Nada en nuestra vida es estable, fijo, definitivo, indisoluble, por siempre. Al contrario, solo vivimos porque nos transformamos, porque cambiamos. Nos realizamos tan sólo porque nos transformamos. Es el cambio lo que nos permite a nosotros y a la realidad de nuestro Universo, continuar existiendo en una constante evolución y así alcanzar un grado superior de ser. Siempre el final de algo se convierte en el comienzo de algo nuevo. Es la muerte de un mundo lo que da nacimiento a otro, casi siempre mejor. La evolución y el cambio son esenciales para que surja la diversidad, la complejidad y la impresionante belleza de nuestro Universo. Lo mismo para nosotros, los humanos.

El Evangelio, que es ante todo una escuela de humanidad, nos enseña, por tanto, que para convertirnos en hombres y mujeres valiosos, debemos aceptar el morir continuamente a algo. Debemos estar prontos a aceptar en nuestra vida el hundimiento y la desintegración de un mundo y el comienzo de otro; a pasar sin tristeza de una etapa de nuestra vida a otra; dispuestos a perder la vida para ganarla; dispuestos a morir a maneras de pensar, de creer, de actuar y de vivir que se muestren usadas, superadas, perimidas, obsoletas, incapacitadas, para hacer surgir algo nuevo: asumir otra mentalidad, adoptar otro estilo de vida, elegir otras prioridades, compartir otros valores.
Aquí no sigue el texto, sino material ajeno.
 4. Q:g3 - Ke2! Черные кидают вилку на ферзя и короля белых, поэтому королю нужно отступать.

Nuevos valores que harán de nosotros personas nuevas, evolucionadas, más completas, habitantes de un mundo que, a causa de ello, será más joven y humano.

La vida se encarga continuamente de ponernos ante la desaparición y el hundimiento de situaciones, formas o estados de vida y de enfrentarnos a muertes absolutamente necesarios para poder acceder a una etapa superior de nuestra existencia. Así, por ejemplo, debemos morir al calor del seno materno para entrar en la infancia de la vida; morir a la infancia para acceder a la adolescencia; morir a la adolescencia para pasar a la juventud; morir a la juventud para instalarnos en la edad adulta. Debemos aceptar abandonar el universo familiar, con su confort y su seguridad, para llegar a ser adultos independientes y libres…
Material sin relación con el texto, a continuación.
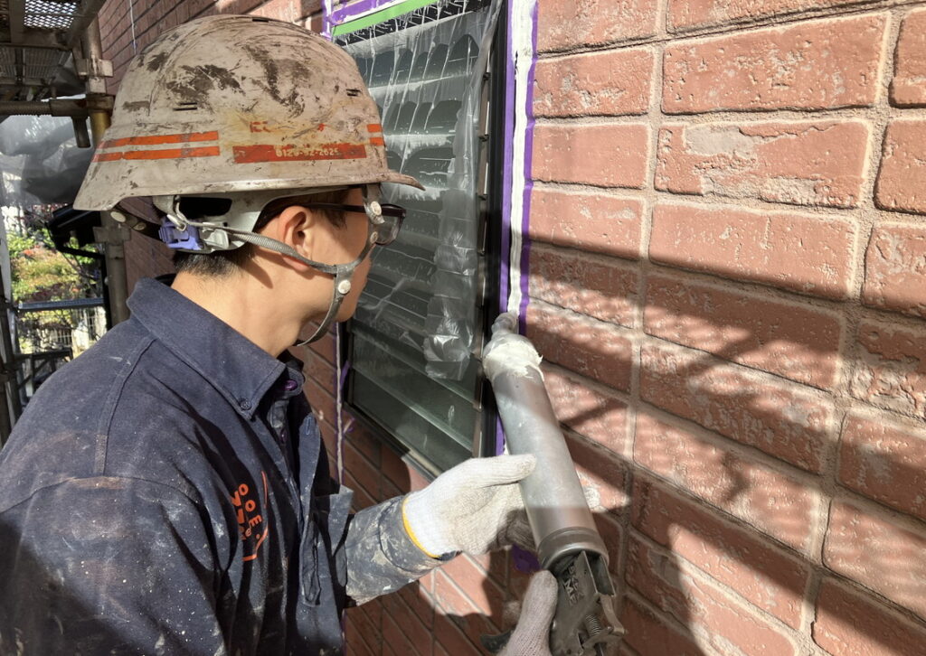 全体をしっかり高圧洗浄したら、1回目の塗装です。下塗り(したぬり)といいます。外壁の種類により、下塗り塗料はシーラとフィラーと2種類の下塗り塗料に分かれますが下地材に適した塗料を使用します。原則、下塗り、中塗り、仕上げ塗り(上塗り)をしっかり、たっぷり 3回塗りです。吸い込みが激しい場合は2回塗る時もあります。

Este evangelio nos recuerda entonces que la muerte forma parte de la vida, como la vida forma parte de la muerte; que comenzamos a morir desde que comenzamos a vivir; que nuestra vida existe al precio de la continua aceptación de una larga serie de muertes  y desapegos. ¡Cuántas cosas mueren en nosotros y a nuestro alrededor, a lo largo de nuestra vida! ¡Cuántos duelos debemos vivir y aceptar! ¡Cuántas perdidas debemos sobrellevar!
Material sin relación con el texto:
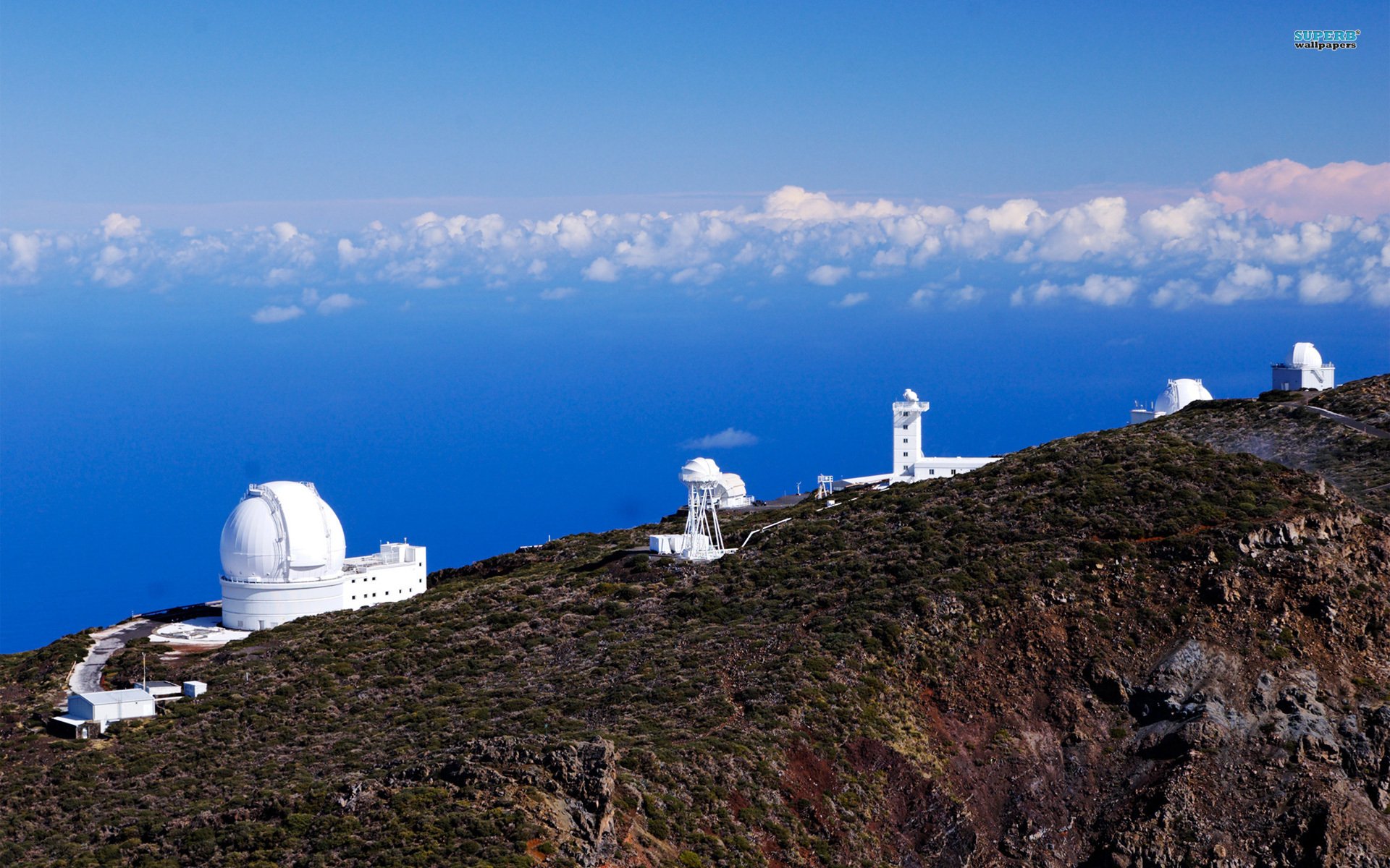 Description: A mountain with a bunch of telescopes on top of it and a body of water in the background with clouds.

Perdemos inevitablemente juventud, belleza, encanto, gracia, flexibilidad, agilidad, fuerza, salud, espíritu vivaz, la memoria, nuestro tiempo… Con frecuencia perdemos la inocencia, la paz interior, promesas, afectos, amores, la compañía y la presencia de los seres más queridos… y finalmente, inexorablemente, perdemos nuestra vida.

A causa de todo ello, ¿habrá que desesperarse, angustiarse, verlo todo negro? Jamás, nos dice este texto del evangelio de Marcos. Porque todo eso forma parte del plan de Dios. Porque es así como marcha el mundo, así como funciona. Esta mezcla de vida y muerte, fines y comienzos, destrucción y reconstrucción, orden y caos, bien y mal, tinieblas y luz, es la que manifiesta la presencia del poder y la sabiduría de Dios-Fuente de este Universo. Un Dios que busca construirnos y realizarnos a través de nuestra fragilidad básica, nuestros miedos y límites. Un Dios que, a través de los múltiples cataclismos de nuestra existencia, quiere conducirnos a la plena realización de nuestro ser, utilizando todo el potencial humano y espiritual que El derramó en nuestro corazón cuando nos lanzó a la existencia.